• Romberg: applicable to most integrands, this method uses trapezoidal approximations over an even number of subintervals, then compares sequential estimates by summing the areas of the trapezoids. The method terminates when the four most recent estimates differ by less than the value of the built-in variable TOL. Because the Romberg integration method divides the integration interval into four subintervals, then successively doubles the number of points, it can return incorrect answers for periodic functions having periods 1/2n times the length of the interval. To avoid this problem, divide the interval into two uneven subintervals and integrate over each subinterval separately. PTC Mathcad sets a limit on the number of times it will iterate this procedure. If the routine reaches this limit without converging, or if the integrand is singular at one or both of the endpoints of the interval of integration, then PTC Mathcad switches to the Singular Endpoint method.

• Adaptive: adaptive quadrature method for functions that change rapidly over the interval of integration.

• Infinite Limit: appropriate for integrals where one or both of the limits is infinite. The function being integrated must be real.

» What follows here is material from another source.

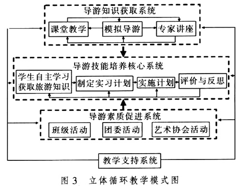 学生知识和能力的获得最终需要通过教学环节来实现。技能型导游培养教学环节针对导游培养的复杂性,优化教学各个环节,以提高学生导游技能为中心,我院提出了立体循环教学模式(如图3)。所谓立体循环模式是以培养导游技能为中心,吸收现代教育理念,针对导游培养的特色,在传统教学模式上优化而成。从内容上看,具有迸发性,方式上具有多样性,教学资源利用上具有广泛性,学校的一切教学资源都为培养学生的导游技能服务。[4]
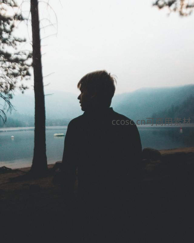 一人静立湖边,背对镜头凝望远方薄雾笼罩的群山,湖面平静如镜,营造出深邃而宁静的氛围。

• Singular Endpoint: an open-ended Romberg method appropriate for integrals which have singularities or infinities at one or both limits of integration. Preliminary estimates to the integral are obtained using the midpoints of subintervals, so the function is not evaluated at the endpoints a and b. Estimates are concentrated near the ends of the integration interval, where integrands that are singular or that have an infinite derivative are likely to be changing most rapidly. The number of subintervals is tripled at each step. There is a set limit on the number of iterations through the open-ended Romberg method. If the routine reaches this limit without returning an answer, the integral is marked with an error indicating that it did not converge.

• Decreasing TOL may improve your results, but at some point the integral fails to converge. A good working range is 10-4 to 10-6.

• Setting large-valued endpoints to infinity and using the infinite endpoint algorithm may yield better answers.

• Sharply peaked integrands, or functions whose shape is not readily characterized by a single length scale, do not evaluate accurately. You may obtain better results by breaking an integral into pieces and separately integrating the peak from the rest of the plot.

• PTC Mathcad generally cannot integrate functions that have singularities in the interval of integration. Functions such as step and sawtooth functions with many finite discontinuities may also lead to nonconverging integrals. If you know the location of singularities in the integrand, you can often obtain a correct numerical evaluation by splitting the integral into a sum of integrals with these points as limits. To find potential singularities or discontinuities, plot the integrand.

• Applying the adaptive method to an improper integral will likely produce an incorrectnumerical result. The Adaptive Integration algorithm requires the function to be approximated by a polynomial in each subinterval division so the Gauss-Quadrature method can be used. Failing to meet the continuity requirement on the integrand can lead to inaccurate results or failure to converge.